地盤調査の重要性

 近年の建築基準法の改正や、時代の趨勢にあわせ、一般の住宅でも地盤調査を行ってから建設を始めるようになってきています。これは非常に喜ばしいことで、地盤沈下のトラブル等の減少に寄与しています。また「住宅の品質確保の促進等に関する法律」により、地盤が軟弱であるのにそれを考慮しないで基礎の設計・施工を行った場合に建物に不動沈下が発生した場合には基礎に瑕疵があるものと取り扱われ瑕疵担保期間は10年義務化の対象となりました。そのため、万が一のために地盤保証の会社に調査、地盤改良、検査、保証を依頼するケースも増えています。

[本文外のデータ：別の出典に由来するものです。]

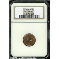 <B>1916-S<1C> MS65 Red NGC.</B></I> An increase in production at the San Francisco Mint to more than 22 million pieces has no ill-effect on the issue's scarcity at the Gem level. The strike on this outstanding representative is razor sharp and bright golden-pink surfaces have only a few microscopic freckles of carbon here and there. Population: 5 in 65, 1 finer (7/04). <BR><BR><B>Important notice:</B> Heritage usually auctions material at the rate of 200-250 lots per hour. On some occasions eBay Live bid software or the Internet may not be able to keep up with the pace of the auction. We recommend placing a realistic absentee bid now as insurance to avoid disappointment. Occasionally the auctioneer may eliminate or reject an eBay Live bid, and the auctioneer may also reopen a lot after the close of the eBay live bidding (usually because we missed an audience bid), and may reject your bid even if it shows you as the winning bidder. By bidding via eBay Live, you agree that Heritage may award the lot to another bidder at its sole discretion under the circumstances described above or any other reasonable circumstances. Since eBay bids are not shown to us until we open the lot on the floor, we treat those bids just like floor bids. In most cases the floor responds before the eBay bid is presented to us, due to Internet lag time, so for consistency we have made it a policy that floor bids are always considered first over tie eBay live bids. Also please note that all Heritage lots purchased through eBay Live carry a 20% Buyer's Premium. Please make sure you read the Terms and Conditions before you bid. </span></font></tr></table></td></tr></table>

 ただし地盤調査は絶対ではない(だからこそ保証がある)ことだけは覚えていていただきたいものです。住宅の地盤調査にそれほどお金や時間がかけられないという事情もあり、現在主流になっているのはスウェーデン式サウンディング試験という、簡略化された試験である。基準法の改正に伴い告示1113号でスウェーデン式サウンディング試験を用いた地盤の許容応力度算定法が規定されたので戸建て住宅用の地盤調査法の有力な方法として位置づけられている。
 スウェーデン式サウンディング試験とは、スクリューポイントを地盤に貫入させ、そのときの貫入に必要な荷重と回転数(回転しながら沈めていく)を測定していきます。どんな地盤にも使えるというものではなく、玉石や礫層には使えません。逆にそれ以外にはだいたい使えるので適用範囲は広いともいえます。測定深度は約10mまで。ロッドに付着した土や水分、また貫入時の音によって大まかな水位や地質の推定が可能である。従来は手で回しながら耳で聞いて判断していましたが、最近は機械式が多くなっています。

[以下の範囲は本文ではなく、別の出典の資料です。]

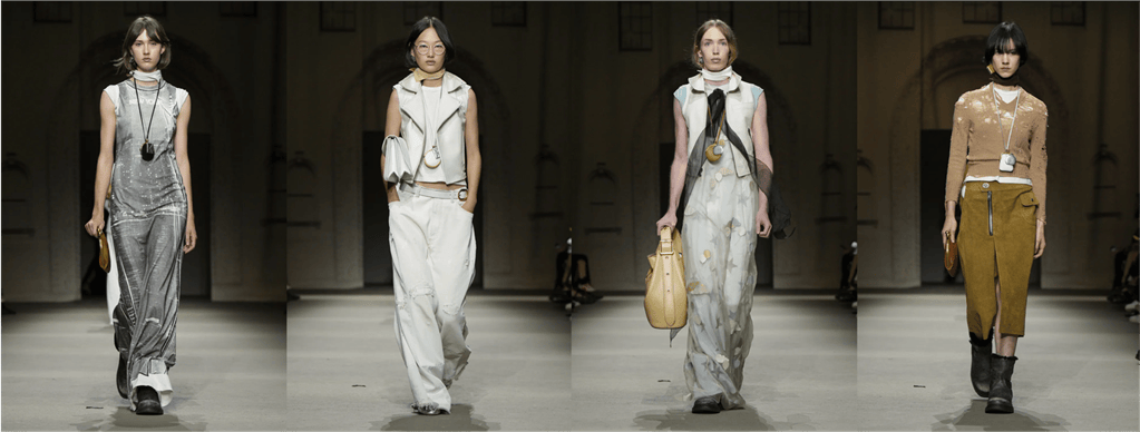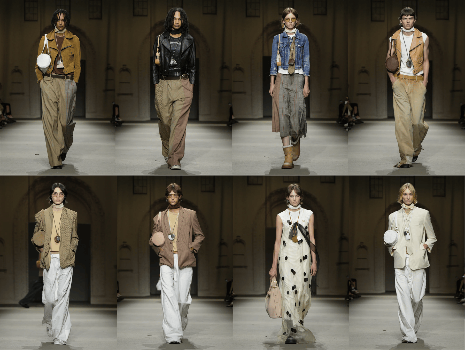 2026 春季系列灵感源自纽约街头的活力与生机,采用多种精制皮革:麂皮与纳帕皮革呈现柔软蜡感,做旧效果与擦色箔片元素点缀其间。下装方面,既有采用再生牛仔布与工装面料打造的休闲裤,亦有剪裁利落的西装裤与半身裙。本季色调以浅色系为主,将白色、蜜棕色、棕褐色与褪黑色交织;柔和的粉蓝、粉黄、粉绿以及亮眼的金属色,为整体造型增添层次。

 メリットは、安価で、住宅レベルの重量の建物の調査では十分な結果がでる、検査が簡略、機械が小さい、などがある。逆にデメリットは、地質の判断が十分にできない、貫入障害物により調査できない場合がある、試験者の経験感覚に委ねられる部分が多く、結果に個人差が出やすい、などがある。周辺地盤の特性や歴史性なども考慮して、場合によっては他の方法と併用して調査するのが賢明である。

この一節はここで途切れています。